- _DATA SECTION_

§

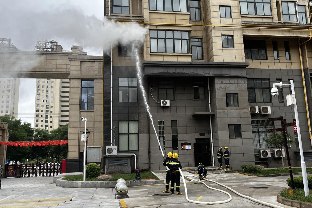 此次演練模擬巡邏人員發(fā)現(xiàn)梅樂園小區(qū)2號樓3層商鋪,出現(xiàn)“火情”,立即用對講機通知中控室值班人員,啟動消防應(yīng)急搶險預(yù)案,并撥打119報警電話。同時警戒組、安撫組、搶險組等趕赴地點開展救援工作,搶險組引導(dǎo)消防車至著火點,警戒組成員開展現(xiàn)場警戒工作,安撫組通過疏散樓梯引導(dǎo)住戶疏散逃生,搶險組攜帶毛巾、擔(dān)架等物品在一層樓道口幫扶老年人及行動不便居民疏散,統(tǒng)一撤至南廣場安全地帶,演練結(jié)束。
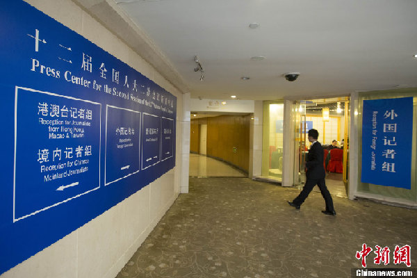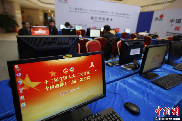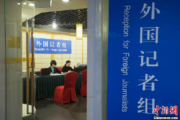 2月26日,设在北京梅地亚中心的全国两会新闻中心正式启用,中心工作人员开始接待和安排中外记者采访。十二届全国人大二次会议和全国政协十二届二次会议将于3月初开幕。中新社发盛佳鹏 摄
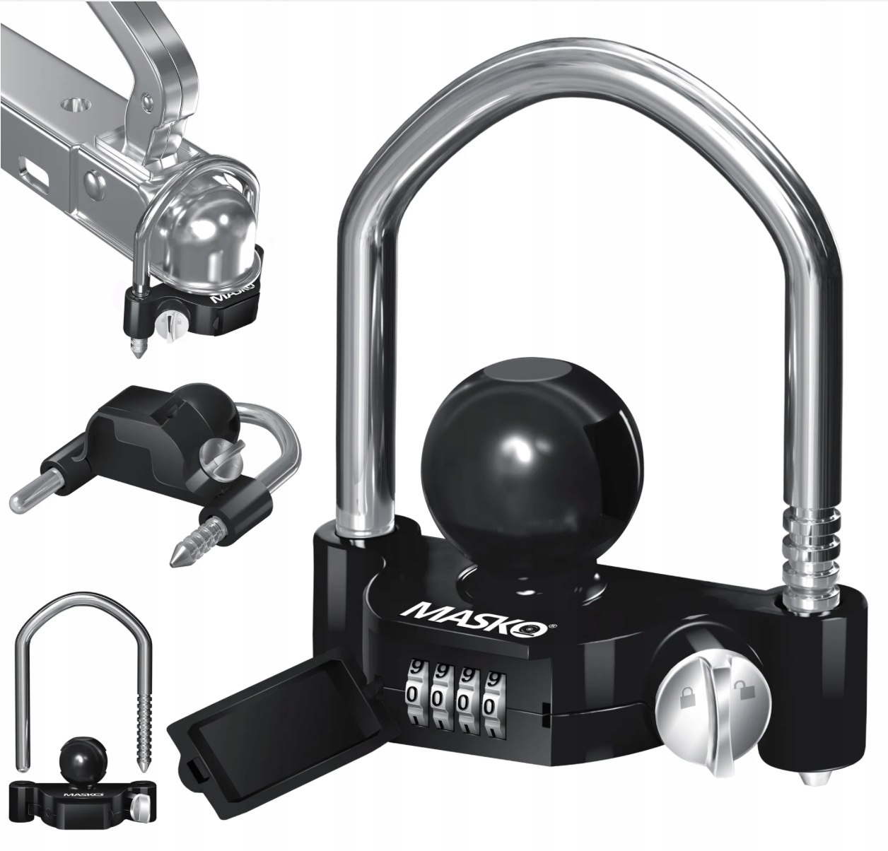 MASKO Kłódka do przyczepy, zamek szyfrowy z kodem, blokada holowania

§

- _HOW TO COMPLETE THIS TASK_
Everything from the line with "2月26日,设在北京梅地亚中" through the end of the listing above, both ends included, should be set down exactly; copy nothing else, and skip the pictures.

- _RESULT OF THIS EXERCISE_
 2月26日,设在北京梅地亚中心的全国两会新闻中心正式启用,中心工作人员开始接待和安排中外记者采访。十二届全国人大二次会议和全国政协十二届二次会议将于3月初开幕。中新社发盛佳鹏 摄
 MASKO Kłódka do przyczepy, zamek szyfrowy z kodem, blokada holowania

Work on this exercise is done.